More of a discussion question than something to troubleshoot…
I’m running some Stan models from R (chains = 4, cores = 4). I wrapped the model implementation in a function that writes out each fitted Stan model to a unique directory.
I have about 50 models that I want to run. I usually code on a 72-core server accessed via remote desktop (that has RStudio installed). I also have institutional access to a large cluster that I can send jobs to, but I’ve never tried sending a Stan model to it.
What’s the optimal way to run a bunch of Stan models that each use multiple cores for the different chains? Is there a most efficient or recommended way to parallelize Stan runs? And how do I do the accounting for number of cores to parallelize over * number of cores each Stan model uses?
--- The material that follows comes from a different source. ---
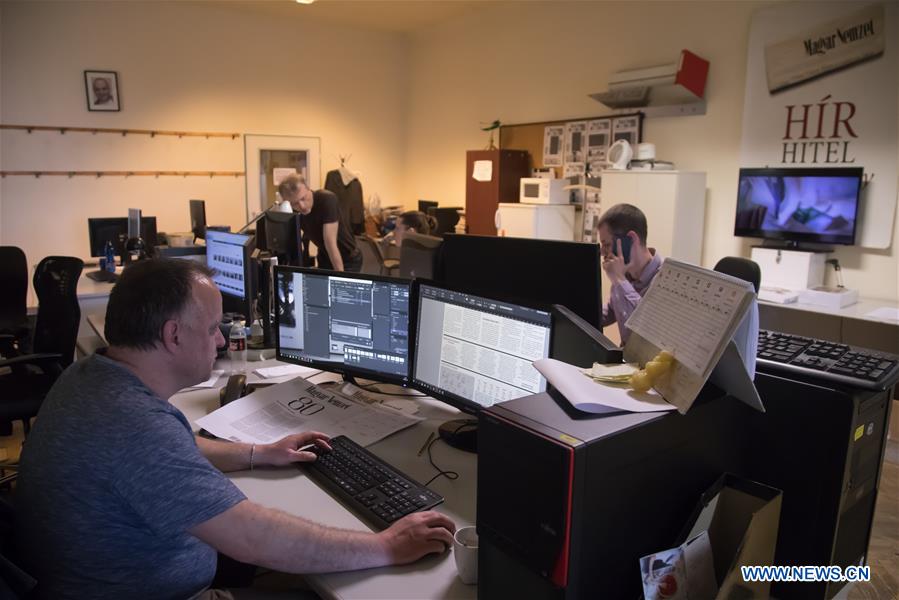 Editors work on the last issue of main Hungarian newspaper Magyar Nemzet, Hungarian Nation, in Budapest, Hungary on April 10, 2018. Hungary's main newspaper Magyar Nemzet was published here on Wednesday for the last time after 80 years in circulation, owners said in a statement in the print and online versions of the paper. (Xinhua/Attila Volgyi)

I’d be very grateful for general advice as well as specific R implementations that have worked for other people. Thank you!
I’m not exactly an expert on this, but given nobody else has chimed in, let me give it a shot.
When you say run, what do you want out of each model? The whole sample or just a posterior summary or something else?
If you’re going to run from R, I’d recommend running cmdstanr rather than rstan as it’ll be easier to install on a cluster. Even better, just use CmdStan directly as then you don’t need to worry about the R toolchain. But that’ll only get you the sample, not any downstream analysis.
I’m afraid we don’t have that implemented. What it would do is use a process or thread pool to load balance everything. Barring that, it’s going to be an empirical question of how good the memory bandwidth is on those servers. f the models are all roughly the same in terms of how long they take to fit, just run a batch of 18 at a time in 4 parallel chains, as that’ll occupy 72 cores. But filling all the cores may not be optimal if there’s memory contention, so it may work best to run only 12 at a time or some other number less than 18.
If you just have a big cluster that’ll manage this all for you at a higher level, I’d recommend just firing up 50 jobs, one per model, and let the cluster handle the load balancing.